Stored entries:
★ ★ ★ ★
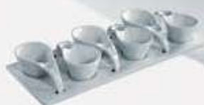
JUEGO DE 6 SALSERAS CON BASE 6 SAUCE BOWLS + TRAY AJ6SB (37x15 cm.)
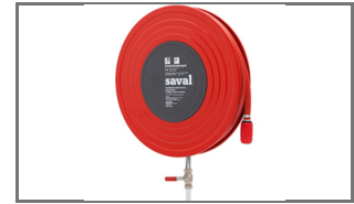
DECO-D RVS ROOD
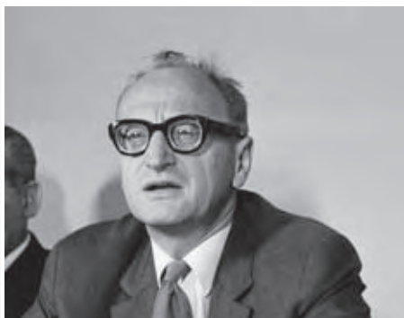
Minister zahraničních věcí ČSSR Jiří Hájek
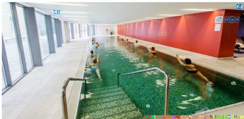
Slika 6. Prikaz balneoterapije – Rimske terme
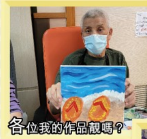
各位我的作品靚嗎？
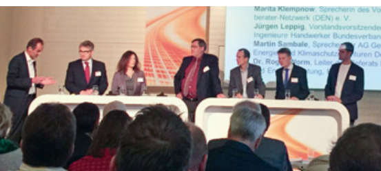
Der Bundesvorsitzende Jürgen Leppig auf dem Dena-Kongress 2014.
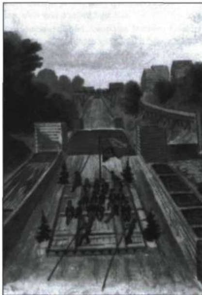
Le Prince de Galles dans l'Outaouais des Raftsmen [Lithographie de T. W. Willegan. 1860. Archives nationales du Canada C-5086.]

L'enracinement de Blisse dans la tradition ne saurait cependant pas gommer son apport original. Par l'art de raconter qu'y déploie l'auteur, cette tétralogie s'avère une œuvre moderne promise à une longue vie. Sa qualité littéraire est perceptible dès le niveau de l'anecdote. Des histoires peu banales nous entraînent dans des recoins inattendus, sans jamais délaissier la trame principale. Un découpage en nombreux épisodes ou scènes crée un rythme dynamique où se fait sentir l'influence du cinéma. Et, quand l'enchaînement l'exige, ellipses et sommaires viennent s'intercaler entre les scènes. Ainsi le découpage permet-il de
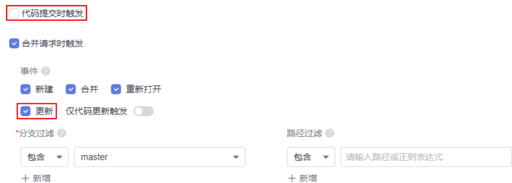
图 1-1 合并请求触发事件

综合上述两个条件，修改未关闭合并请求的源分支代码，且在流水线监听了合并请求的更新事件，提交代码时，会触发该合并请求的更新事件，如果该合并请求的目标分支在流水线监听范围内，则会触发执行相应的流水线。
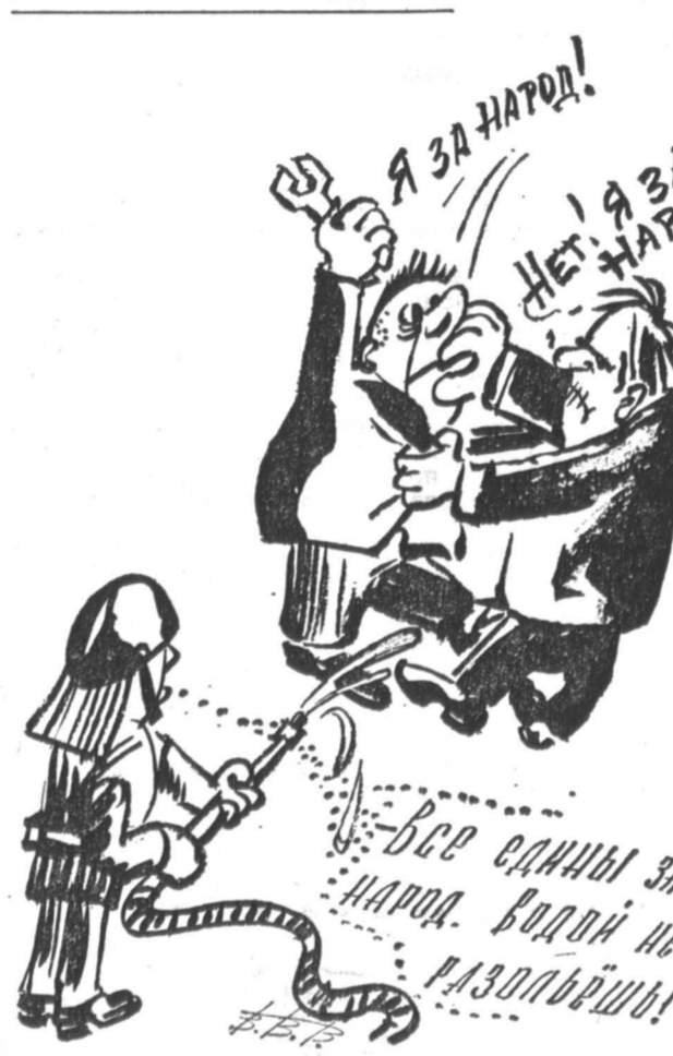
Рис. Виктора ВОЕВОДИНА (г. Москва).
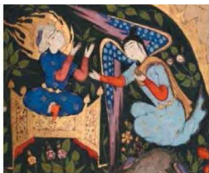
بخشی از نگاره ۷

صورت گرفته است و از این میان، عناصری مانند جبرئیل، تخت ابراهیم، لباس بهشتی و نهر آب و کتیبه را می‌توان نام برد. در نگاره‌های نسخ قصص الانبیاء بخشی کوچکی از تصویر، آتش ترسیم شده است و فضای بیشتری را به بوستان شدن آتش اختصاص داده‌اند. به عبارت دیگر در این نگاره‌ها، تصویر آتش به صورتی که بزرگی آتش را نشان دهد، ترسیم نشده است. گویا نگارگران بیشتر درصدد بیان قدرت خدا و زیبایی این معجزه بودند. در دو نگاره ابراهیم در آتش از مرقع دی‌یز (تصویر ۲) و روضه‌الصفاء (تصویر ۴)، حضرت ابراهیم، در آسمان و در لحظه پرتاب شدن به آتش ترسیم شده است و در سایر نگاره‌ها حضرت ابراهیم در میان شعله‌های آتش دیده می‌شود. در نگاره مرقع دی‌یز آتشی بزرگ، ترسیم شده و حضرت ابراهیم معلق در آسمان، در حال افتادن در آتش
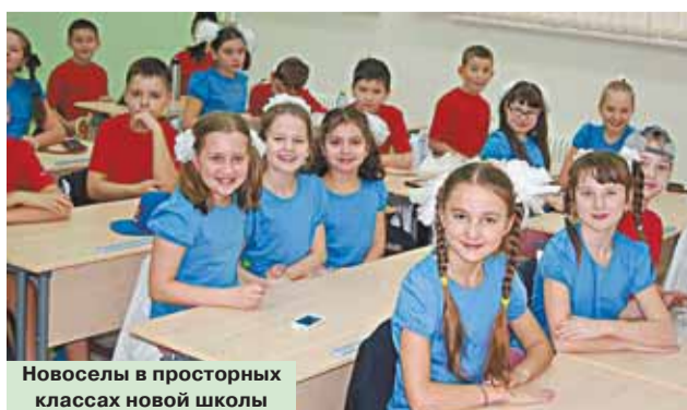
Новоселы в просторных классах новой школы
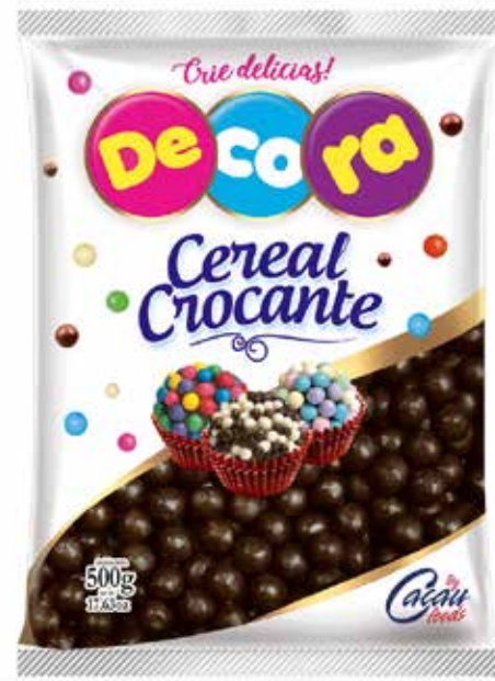
BIG CEREAL CROCANTE CHOCOLATE 500 G cód 123
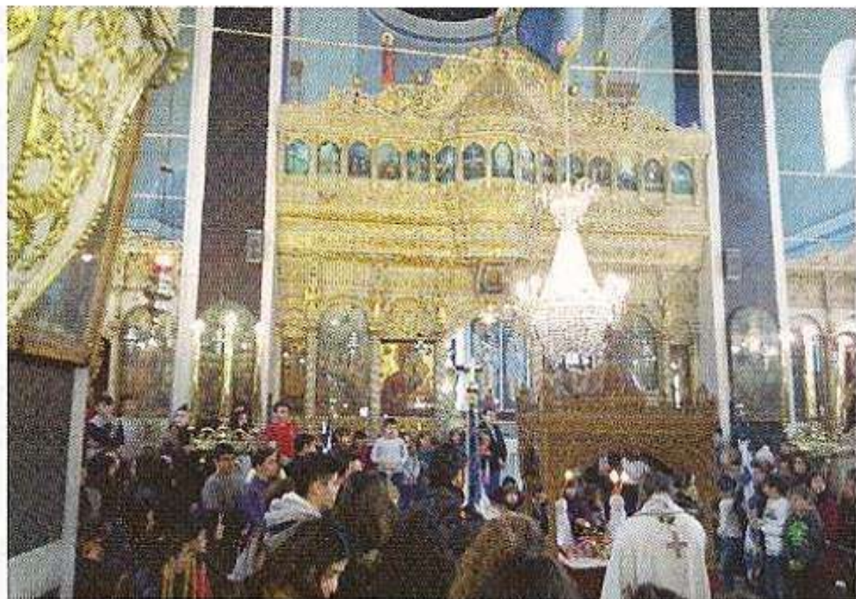
Ἡ Θ. Λειτουργία κατὰ τὴν ἑορτὴν τῶν Τριῶν Ἱεραρχῶν εἰς τὸ κέντρον τοῦ κατόικειου ἀπὸ μαθητᾶς Ἱεροῦ Νικοῦ Κοιμήσεως Θεοτόκου Καλλιμασιᾶς (29.1.2016).
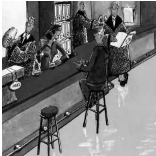
„Verschnaufpause an der Justizbar“

Das Heft mit dem Drehmoment (wenden, drehen und die 4. Ausgabe der BAV-Mitteilungen lesen)
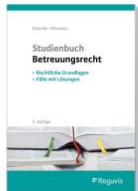
Studienbuch Betreuungsrecht Ladenpreis: 39,10EUR
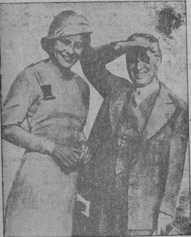
La vedette francesa Paulette Goddard, con la que se ha casado secretamente Chaplin

noCIÓN más alta y patriótica de la emisión del voto? Hay que dar al país la plena sensación de que la autoridad está dispuesta a impedir cualquier desmán. En honor a los actuales gobernantes debemos reconocer su conducta plausible que contrasta con actos de los anteriores. Antes, si las derechas preparaban un mitin, una asamblea, se salían los de la Casa del Pueblo con pretensiones de impedirlo, y como anunciaban la huelga general, el Gobierno para evitar un día de luto, decía, suspendía el acto de las derechas, así los izquierdistas se salían con la suya, y el poder quedaba a sus pies y malparada la libertad. Ahora no ha pasado así: los socialistas de Toledo, para impedir la Asamblea de las Juventudes Católicas, amenazaron y declararon la huelga general, pero el Gobierno amparó a las Juventudes Católicas y la Asamblea se celebró y también se declaró la huelga, pero ésta de nada sirvió para los fines que pretendían sus organizadores, gracias a que ha habido una autoridad que ha garantizado la libertad, y lo mismo pasó en Calahorra donde se quería impedir que Gil Robles diese una conferencia. En honor a la verdad hay que poner de relieve esos casos que dan forzosamente un margen de confianza a los actuales gobernantes que, de seguir así, podrán sacar limpias sus vestiduras para bien de España y buen nombre de la República.
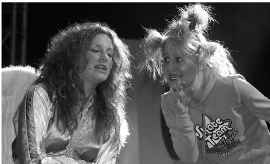
Der Engel und die Hirten - „Bethlehem '82“ auf der Bühne
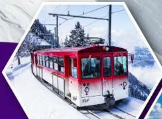
นั่งรถไฟใต้เขาริกิ
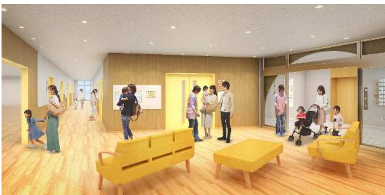
「日向ぼっこ」をイメージ
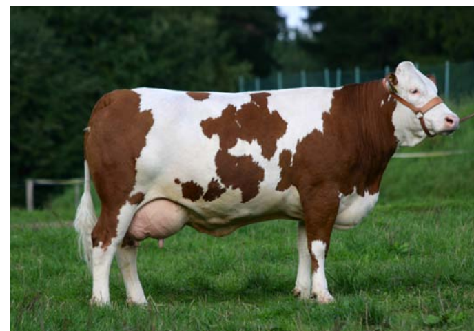
Kráva číslo CZ 170508953, Proagro Radešínská Svratka.
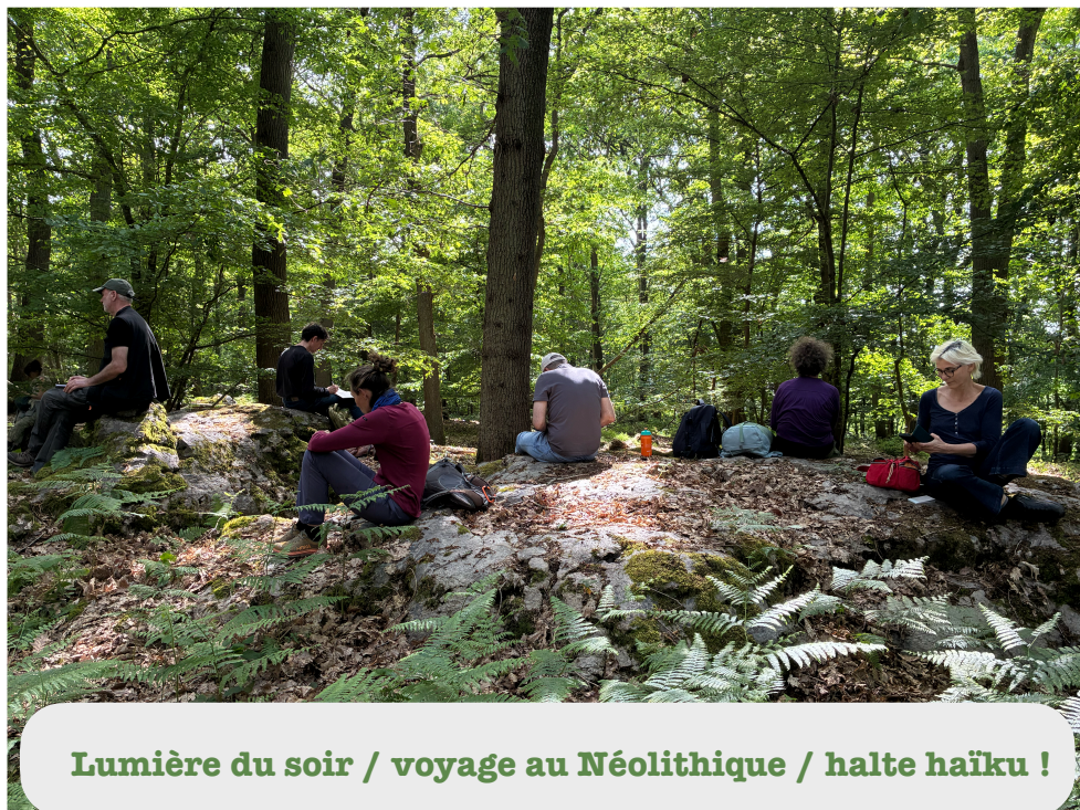
Lumière du soir / voyage au Néolithique / halte haïku !

Nous approchons de l' ourlet de la forêt , cette lisière d'herbacées entre un terrain dénudé et la forêt elle-même. À droite, qui domine ces herbes de sa taille, une renouée du Japon ( Reynoutria japonica ), son nom faisant référence à l'aspect de sa tige aux nœuds très renflés. Elle est considérée comme une plante
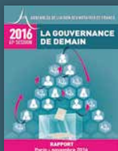
2016 La gouvernance de demain
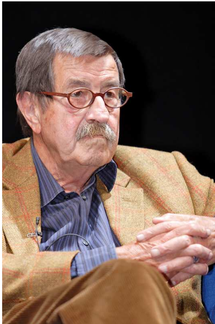
Günter Grass sur le canapé bleu (Blaues Sofa, 2006)

2010 - 2013 : parution d'oeuvres lyriques et de sa correspondance avec Willy Brandt
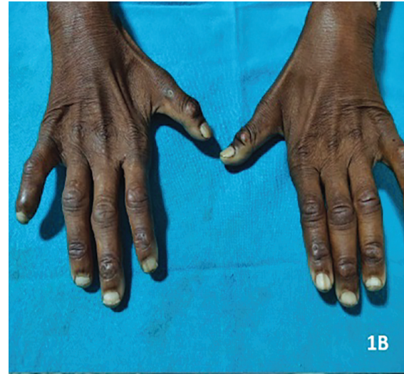
Şekil 1. A) Miyazis ile ilk prezentasyon, B) Kuğu boynu deformitesi
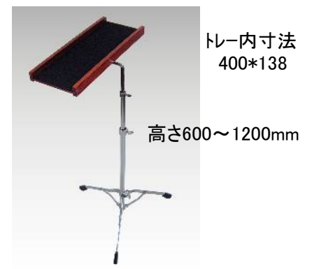
MTY-1ST マルチ・トレースタンド
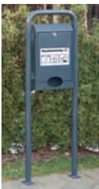
▲ Hundekotbeutel-spender COLLIE, zum Aufdübeln, in RAL 7016 anthrazitgrau
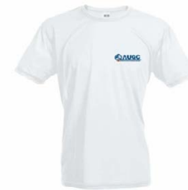
Camiseta técnica AUGC Tallas: S, M, L, XL, XXL
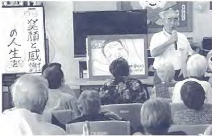
7月、人権擁護員さんによる講話と紙芝居。いいお話でした。

平成25年度も町内外からたくさんの方々の慰問をいただき、ありがとうございました。芳生苑に入苑している利用者も楽しみにしており、日々の活力につながっています。慰問の様子を写真でお知らせします。
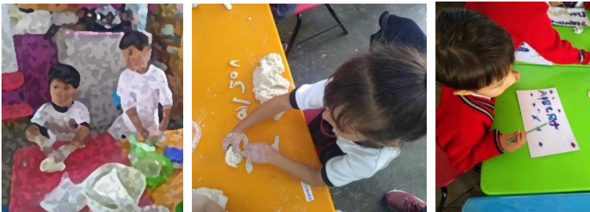
Imagen 7, 8 y 9 “Mi nombre con masa de sal”. Los pasos que los niños y niñas hicieron para culminar con la escultura de su nombre propio. Jardín de Niños “Carlos Mérida” (10/09/2019)
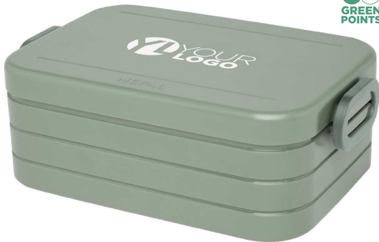
113135 | MEPAL FIAMBRERA MEDIANA "TAKE-A-BREAK" | Plástico ABS | 19 x 12 x 7 cm | 1.092 kg CO 2 e ○●●●
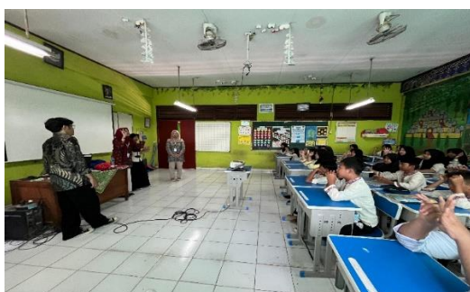
Gambar 3. Sosialisasi Kegiatan Membangun Karakter Anti-Bullying
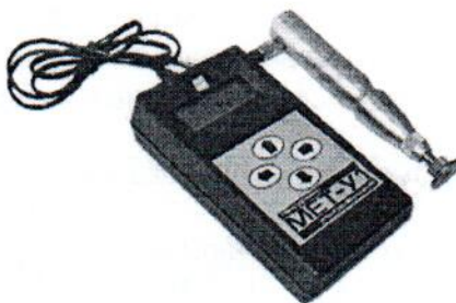
Рисунок 1 – Внешний вид твердомера МЕТ-У1

Внешний вид твердомера МЕТ-У1 приведен на рисунке 1, схема пломбировки от несанкционированного доступа на рисунке 2.
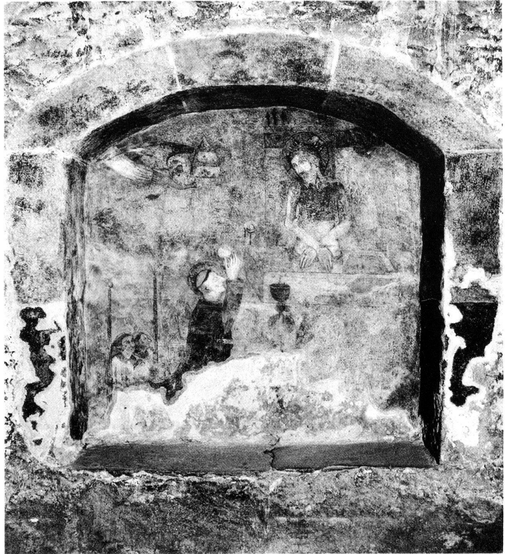
3 Messe de saint Grégoire, fresque, clocher d'Orsières. Etat après la restauration de 1984.

iii.6 D'une part, la représentation du moment de l'élévation serait issue de la « mystique rationnelle » caractéristique d'une conception française 9 . Et de fait, bien que la composition en soit tout autre, bien plus raffinée, une Messe de l'école d'Amiens ou de Bourgogne, du milieu du XV e siècle, obéit au même type qu'Orsières: élévation, deux diacres cérophores et un ange en vol porteur de tiare 10 .
★ ★ ★ ★
THE PROBLEM: Going through the records above, count the lines that hold the string "твердомера" and give only the total.

SOLUTION: 2